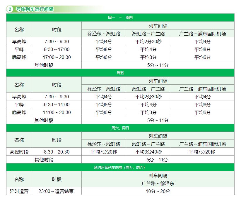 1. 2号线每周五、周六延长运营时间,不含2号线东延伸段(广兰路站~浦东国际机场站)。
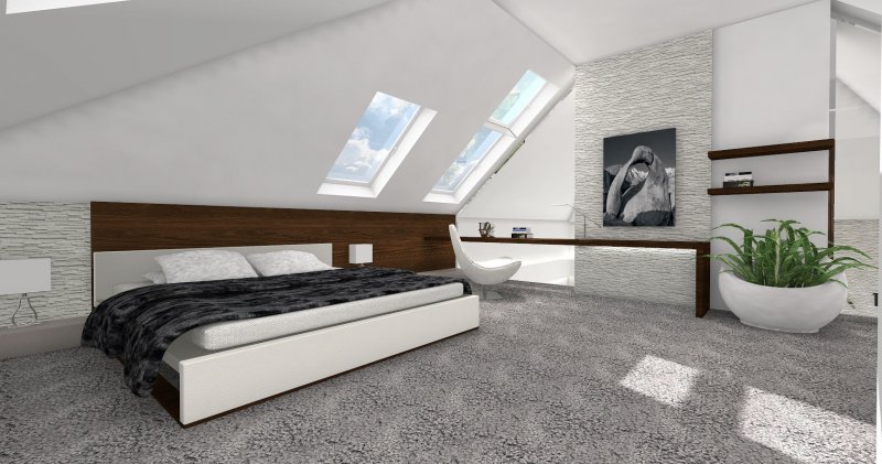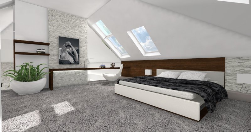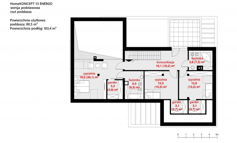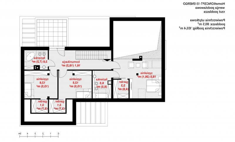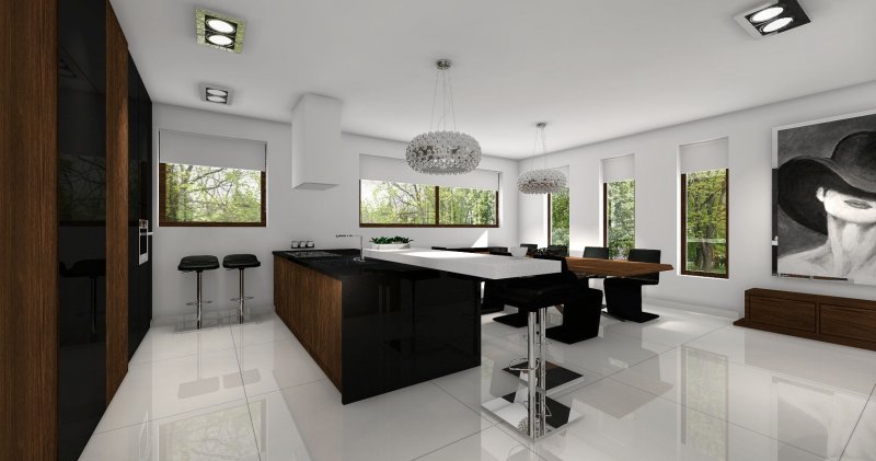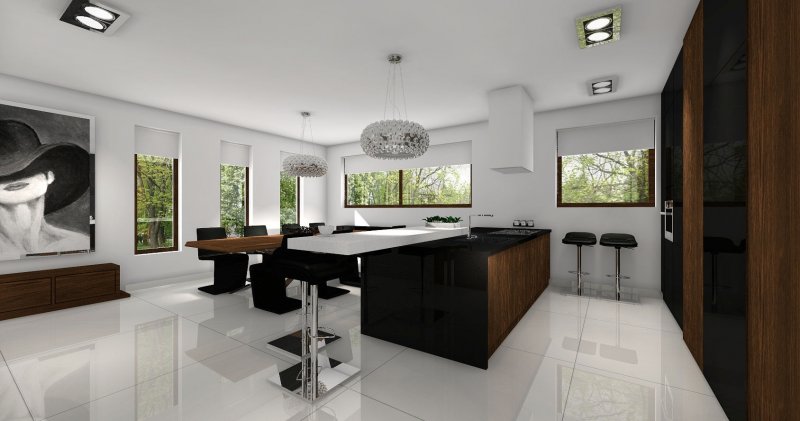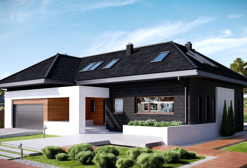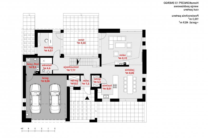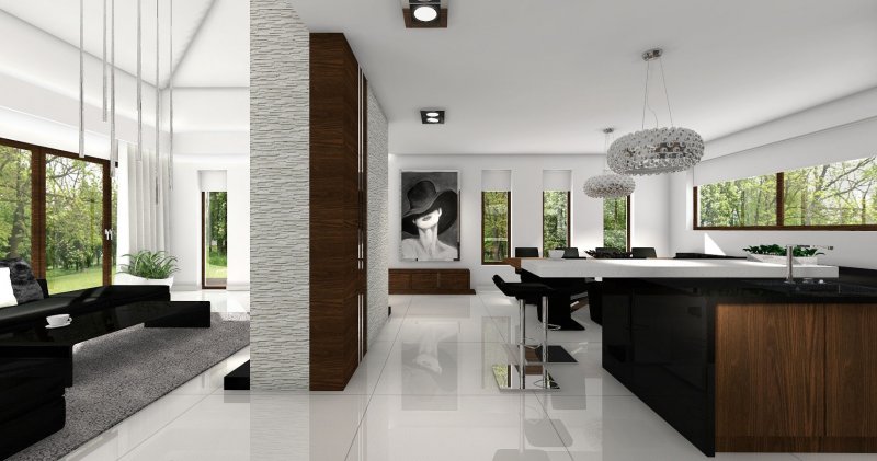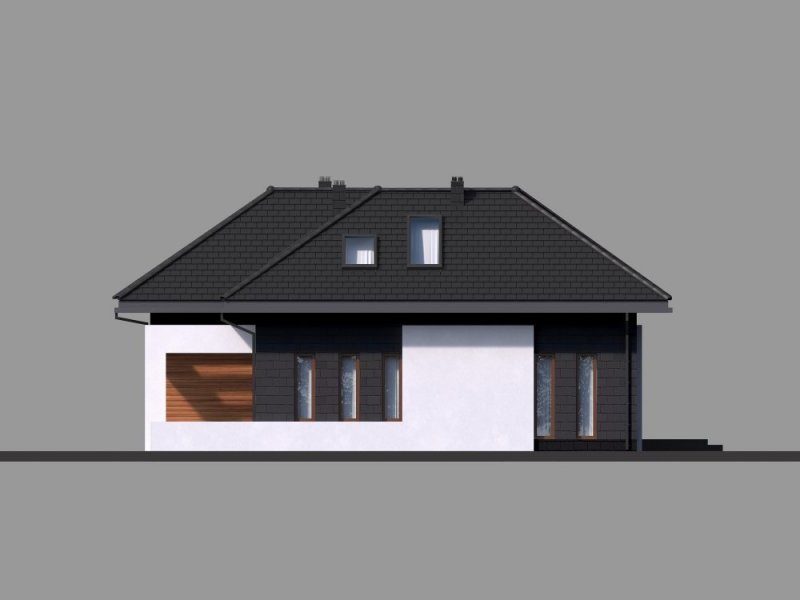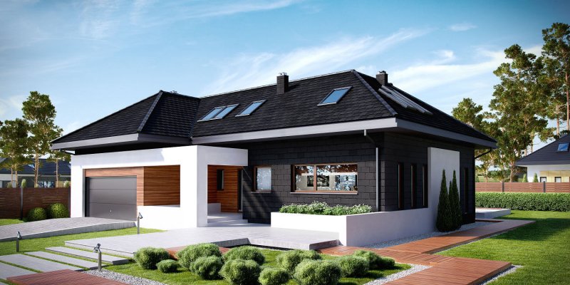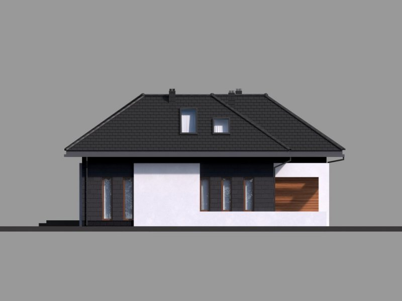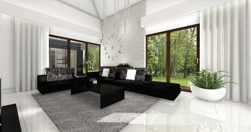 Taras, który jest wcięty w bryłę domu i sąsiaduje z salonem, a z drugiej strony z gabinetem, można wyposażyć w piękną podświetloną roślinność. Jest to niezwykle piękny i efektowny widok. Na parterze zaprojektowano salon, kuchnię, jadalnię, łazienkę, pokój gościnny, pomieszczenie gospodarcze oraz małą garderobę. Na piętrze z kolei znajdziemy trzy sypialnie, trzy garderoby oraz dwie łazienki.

•••••

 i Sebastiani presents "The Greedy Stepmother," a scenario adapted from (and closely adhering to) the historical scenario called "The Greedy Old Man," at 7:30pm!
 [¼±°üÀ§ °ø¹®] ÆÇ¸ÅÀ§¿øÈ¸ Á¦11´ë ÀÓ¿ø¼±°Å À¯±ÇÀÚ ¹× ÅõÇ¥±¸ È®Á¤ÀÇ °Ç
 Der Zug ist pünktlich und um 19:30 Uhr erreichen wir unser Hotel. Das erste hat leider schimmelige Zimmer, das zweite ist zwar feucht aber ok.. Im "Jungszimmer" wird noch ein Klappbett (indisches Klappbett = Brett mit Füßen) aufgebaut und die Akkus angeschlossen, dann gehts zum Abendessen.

•••••

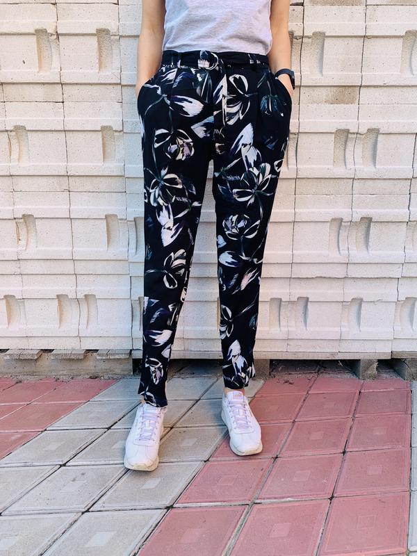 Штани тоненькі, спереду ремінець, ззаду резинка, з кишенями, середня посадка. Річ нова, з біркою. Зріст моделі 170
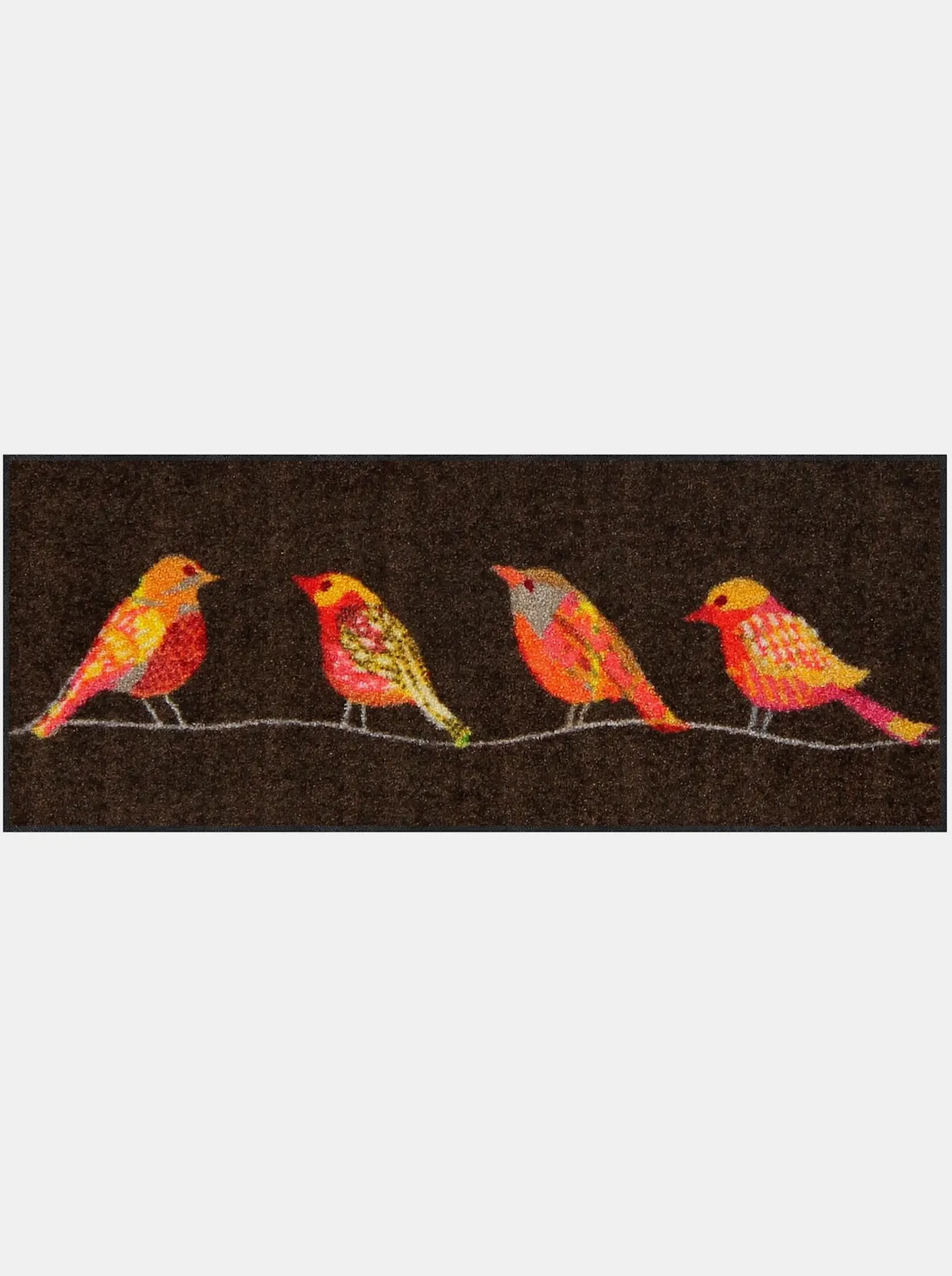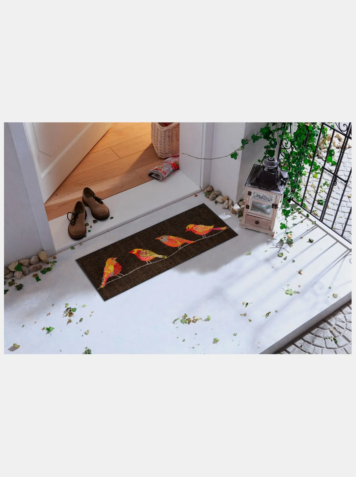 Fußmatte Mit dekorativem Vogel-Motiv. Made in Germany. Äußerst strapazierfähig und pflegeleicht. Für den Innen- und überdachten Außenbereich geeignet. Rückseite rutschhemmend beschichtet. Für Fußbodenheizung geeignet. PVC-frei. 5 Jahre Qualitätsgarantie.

•••••

## WHAT IS BEING ASKED
Among the entries above, take the line with "1. 2号线每周五、周六延长", the line with "Taras, który jest", and all the lines between them, and restate them word for word without pictures.

## SOLUTION TO THIS PROBLEM
 1. 2号线每周五、周六延长运营时间,不含2号线东延伸段(广兰路站~浦东国际机场站)。
 Taras, który jest wcięty w bryłę domu i sąsiaduje z salonem, a z drugiej strony z gabinetem, można wyposażyć w piękną podświetloną roślinność. Jest to niezwykle piękny i efektowny widok. Na parterze zaprojektowano salon, kuchnię, jadalnię, łazienkę, pokój gościnny, pomieszczenie gospodarcze oraz małą garderobę. Na piętrze z kolei znajdziemy trzy sypialnie, trzy garderoby oraz dwie łazienki.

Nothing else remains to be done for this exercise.